In Main Assay I: 5000, 2500, 1250, 625 and 313 µg/plate.

Vehicle / solvent:

DMSO

Details on test system and experimental conditions:

Toxicity and Main Assay I were performed using the plate incorporation method.

Evaluation criteria:

For the test item to be considered mutagenic, two-fold (or more) increases in mean revertant numbers must be observed at two consecutive dose levels or at the highest practicable dose level only. In addition, there must be evidence of a dose-response relationship showing increasing numbers of mutant colonies with increasing dose levels.

Statistics:

Doubling rate (Chu et al 1981)
Regression line

Results and discussion

Additional information on results:

The test item induced dose related and statistically significant increases based on a “doubling rate” in all tester strains, in the absence and presence of S9 metabolism with the exception of TA1535 and WP2 uvrA.

Remarks on result:

other: all strains/cell types tested

Remarks:

Migrated from field 'Test system'.

Any other information on results incl. tables

See Final Report

Applicant's summary and conclusion

Conclusions:

It is concluded that the test item, Disperse Blue ANT, induces reverse mutation by base substitutions or frameshifts in bacteria in the absence and presence of S9 metabolism in the Salmonella strains TA98, TA100 and TA1537, under the reported experimental conditions.

Executive summary:

The test item Disperse Blue ANT was examined for the ability to induce gene mutations in tester strains of Salmonella typhimurium and Escherichia coli, as measured by reversion of auxotrophic strains to prototrophy. The five tester strains TA1535, TA1537, TA98, TA100 and WP2 uvrA were used. Experiments were performed both in the absence and presence of metabolic activation, using liver S9 fraction from rats pre-treated with phenobarbitone and betanaphthoflavone. The test item was used as a solution in dimethylsulfoxide (DMSO).

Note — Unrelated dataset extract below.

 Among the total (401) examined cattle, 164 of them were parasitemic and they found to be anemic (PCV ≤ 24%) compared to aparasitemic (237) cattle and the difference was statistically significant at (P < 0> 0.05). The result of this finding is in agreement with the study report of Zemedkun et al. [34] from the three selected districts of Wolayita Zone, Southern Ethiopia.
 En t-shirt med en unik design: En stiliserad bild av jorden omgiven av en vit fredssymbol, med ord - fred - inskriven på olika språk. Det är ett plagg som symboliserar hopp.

Toxicity test: The test item Disperse Blue ANT was assayed in the toxicity test at a maximum concentration of 5000 µg/plate and at four lower concentrations spaced at approximately half-log intervals: 1580, 500, 158 and 50.0 µg/plate. Precipitation of the test item was observed at the end of the incubation period at the two highest concentrations. Due to the dark color of plates the background lawn was not analysable at the two highest dose levels. Large increases in revertant numbers were observed both in the absence and presence of S9 metabolic activation with all tester strains with the exception of TA1535 and WP2 uvrA without S9 metabolism and WP2 uvrA with S9 metabolism. Due to a toxic effect, induced mutant colonies were markedly reduced at the highest dose level with TA98 and TA 100 tester strain in the presence of S9 metabolism.

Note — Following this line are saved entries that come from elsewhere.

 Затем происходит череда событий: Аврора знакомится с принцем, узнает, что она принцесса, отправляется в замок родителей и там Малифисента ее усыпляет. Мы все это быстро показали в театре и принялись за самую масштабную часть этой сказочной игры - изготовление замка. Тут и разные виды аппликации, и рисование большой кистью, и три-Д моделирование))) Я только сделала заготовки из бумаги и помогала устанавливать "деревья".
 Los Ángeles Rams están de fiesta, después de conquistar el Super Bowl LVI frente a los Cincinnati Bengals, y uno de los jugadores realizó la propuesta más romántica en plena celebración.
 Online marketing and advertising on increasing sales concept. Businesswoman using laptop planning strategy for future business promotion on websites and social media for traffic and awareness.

Main Assay I: On the basis of toxicity test results, in Main Assay I, using the plate incorporation method, the test item was assayed by using the following dose levels: 5000, 2500, 1250, 625 and 313 µg/plate. Precipitation of the test item was observed at the end of the incubation period at the two highest concentrations. At these dose levels the background lawn was not analysable due to the dark color of plates. The test item induced large increases in the number of revertant colonies using the plate incorporation method in all tester strains in the absence and presence of S9 metabolism with the exception of TA1535 and WP2 uvrA. Since a clear positive response was observed, no further experiment was undertaken.

Conclusion: It is concluded that the test item, Disperse Blue ANT, induces reverse mutation by base substitutions or frameshifts in bacteria in the absence and presence of S9 metabolism in the Salmonella strains TA98, TA100 and TA1537, under the reported experimental conditions.